Closed jflucier closed 1 year ago
je veux seulement conserver les lignes qui contiennent un seul niveau taxonomique pour créer une table d'abondance qui va servir aux analyses subséquentes. On peut seulement faire celle au niveau |s__ (et on veut aussi garder le header)
ah, la lettre devrait être minuscule c'est peut-être pour ça que ça ne fonctionne pas?! dans tous les cas, seulement besoin de |s__ donc pas besoin de looper sur tous les niveaux avec une variable
ouin j'vais deja fabrique le script. Il est maintenant dispo et fopnctionnel
commit id 271e984
jai egalement updater la doc pour expliquer comment tourner le script qui genere les tables pour tout les levels taxonomique, ca ressemble a ca:
export TAXONOMIC_ALL_LEVEL=(
"D:domains"
"P:phylums"
"C:classes"
"O:orders"
"F:families"
"G:genuses"
"S:species"
)
out=test
tmp=test/temp
for taxa_str in ${TAXONOMIC_ALL_LEVEL[@]}
do
taxa_code=${taxa_str%%:*}
taxa_name=${taxa_str#*:}
echo "generating taxonomic table for taxonomic level $taxa_name --> $taxa_code"

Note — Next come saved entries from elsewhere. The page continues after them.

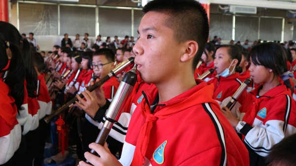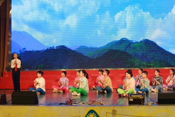 節目一開場,就由初一級全體同學帶來的巴烏演奏,那悠揚的樂聲讓人陶醉。曾繁富老師和付凱的吉他彈唱激情且蒼涼,瞬間又勾起大家對青春歲月的無盡懷念與慨嘆。音樂劇《圓夢》以周虎老師為原型,完美地演繹了他感人的山區支教經歷,讓人熱淚盈眶。舞蹈《振鷺于飛》和《茉莉花開》校舞蹈隊的孩子們靈動而柔美,將舞蹈演繹得美輪美奐?!豆旁娦马崱防锎蠹荫雎犃斯旁姡瑐鞒私浀?,將古色古香的詩歌完美結合?!陡枨疅犯杪暳萌诵南?,委婉動聽。歌曲風格迥異,流行歌曲的演唱,或是簡單明快,或是深情。經典老歌的演繹也博得了滿場掌聲?!段倚臀倚恪番F代、拉丁、街舞將舞臺引爆,孩子們瀟灑而奔放。由李霞、孫立輝、陳潔蓉、張友龍四位老師傾情演唱的《我和我的祖國》,將節目推到了高潮。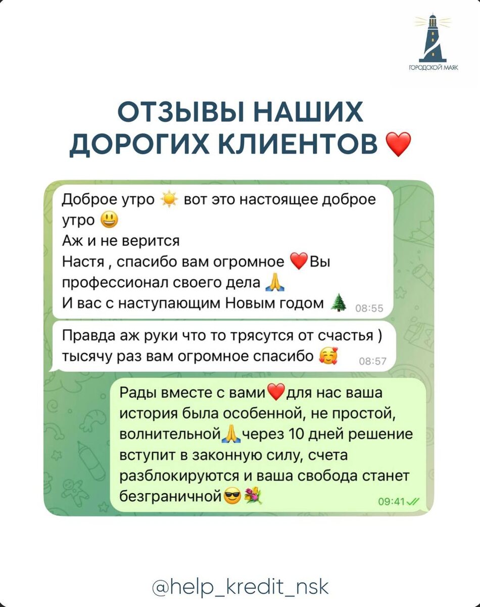 или решение вопросов с долгами. Именно для этого мы и работаем 🤝 Мы помогаем клиентам в разных финансовых ситуациях и подбираем решения, исходя из их целей и возможностей. Что мы можем для вас сделать: 💳 Помочь получить кредит или ипотеку Подберём оптимальные предложения банков, увеличим шансы на одобрение и постараемся снизить процентную ставку. 🔄 Рефинансировать кредиты Если у вас уже есть займы — поможем уменьшить процент и снизить ежемесячную нагрузку. ⚖ Поддержка в сложных ситуациях Оказываем юридическую помощь, в том числе при прохождении процедуры банкротства. 🏠 Покупка и продажа недвижимости Подберём подходящий вариант, проверим документы и полностью сопроводим сделку. Наша задача — сэкономить ваше время, деньги и нервы, а также найти решение даже в непростых ситуациях ☝🏽 За время работы нам доверились сотни клиентов. Многие из них возвращаются к нам снова и рекомендуют нас своим знакомым (кстати, у нас есть бонусы за рекомендации) ❤️ А лучше всего о нашей работе
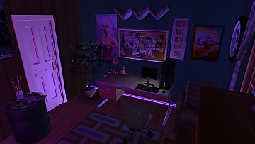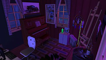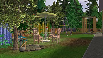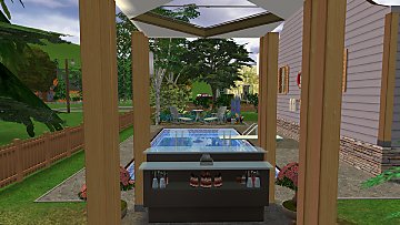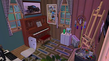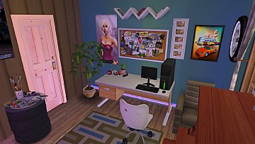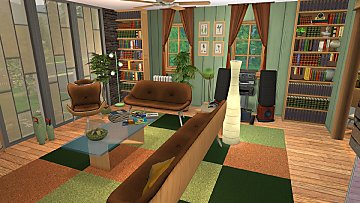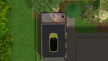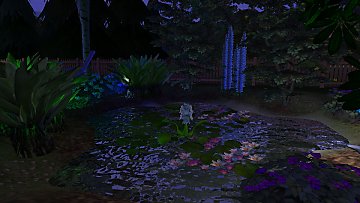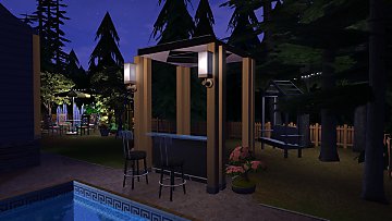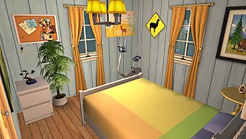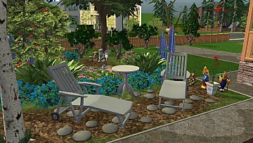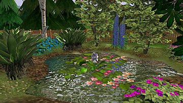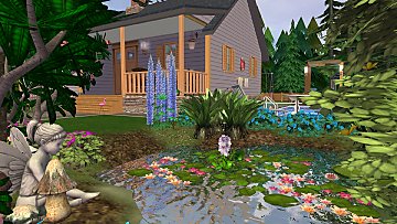 There's one bedroom, one bathroom, a really pretty living room (seriosly, I'm very proud of it), and an office/art room. The yard is filled with a pool, a couple of chillin' zones, a pond, a garage with an attached shed to keep all the garden clutter in, and lots of bushes. I really tried my best to keep it minimalistic (especially because even tho I love plants, I suck at taking care of them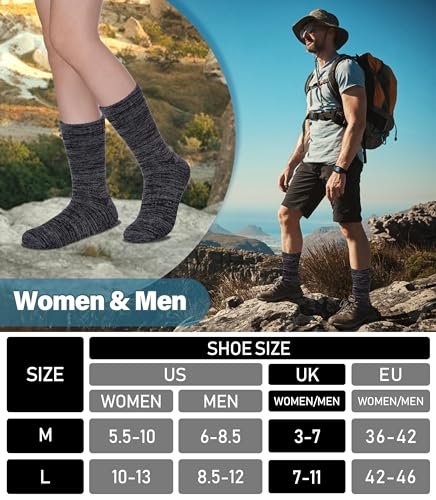 • Thermal Composition : LANLEO hiking socks for women and men are made of 70% merino wool, 23% polyester, 5% spandex, 2% nylon. Men women merino wool socks has better temperature regulation functional and perfect companion for chilly days,ensuring toasty feet in any cold weather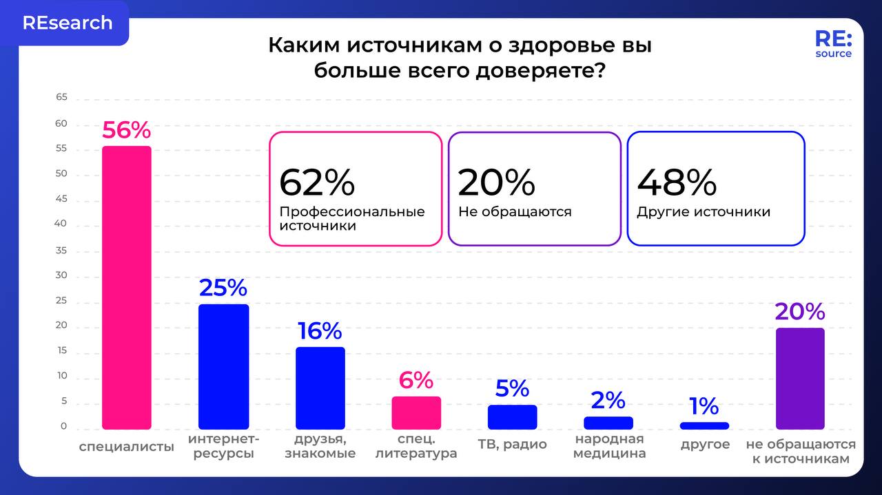 А ведь сколько раз говорилось — не надо гуглить симптомы. Впрочем, для большинства опрошенных профессиональные источники (специалисты, медицинские учреждения, инструкции, специальная литература) все еще остаются самыми авторитетными.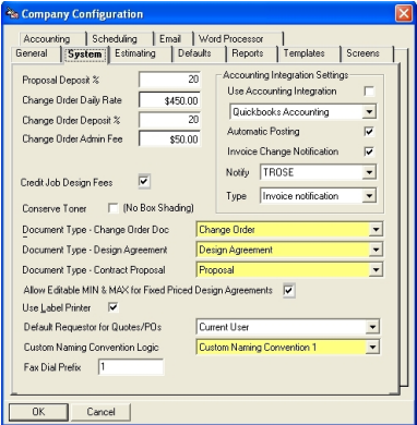 Document Type-Design Agreement - Click on the drop down box and choose the Design Agreement document that your company will use for change orders. You should have set this up in the Setting Up Templates section. Document TypeContract Proposal Click on the drop down box and choose the Contract Proposal document that your company will use for change orders. You should have set this up in the Setting Up Templates section.

kreports="/nfs3_ib/ip29-ib/ip29/ilafores_group/projet_PROVID19/taxKB_conf01_jfl/*/*_bracken/*_"$taxa_code".kreport"
# echo $kreports
bash $ILL_PIPELINES/scripts/taxonomic_table.allsamples.sh \
--kreports "$kreports" \
--taxa_code $taxa_code \
--out $out \
--tmp $tmp
done
enjoy!
@jorondo1
cette ligne du script ne semble pas fonctionner correctement
C quoi exactement tu essaie de grepper dans le fichier temp_${taxa_oneletter}.tsv?
Si je regarde ce fichier je vois:
L'output dans le fichier
#Classification GQ10 GQ11 GQ12 GQ13 GQ14 GQ15 GQ16 GQ17b GQ18 GQ19 GQ1
Dans cet exemple, le taxa_oneletter est C. Voici le code pour tester le script:
Essaie-tu de grpper pour les lignes qui ont "|c__" et qui ne sont pas a 0?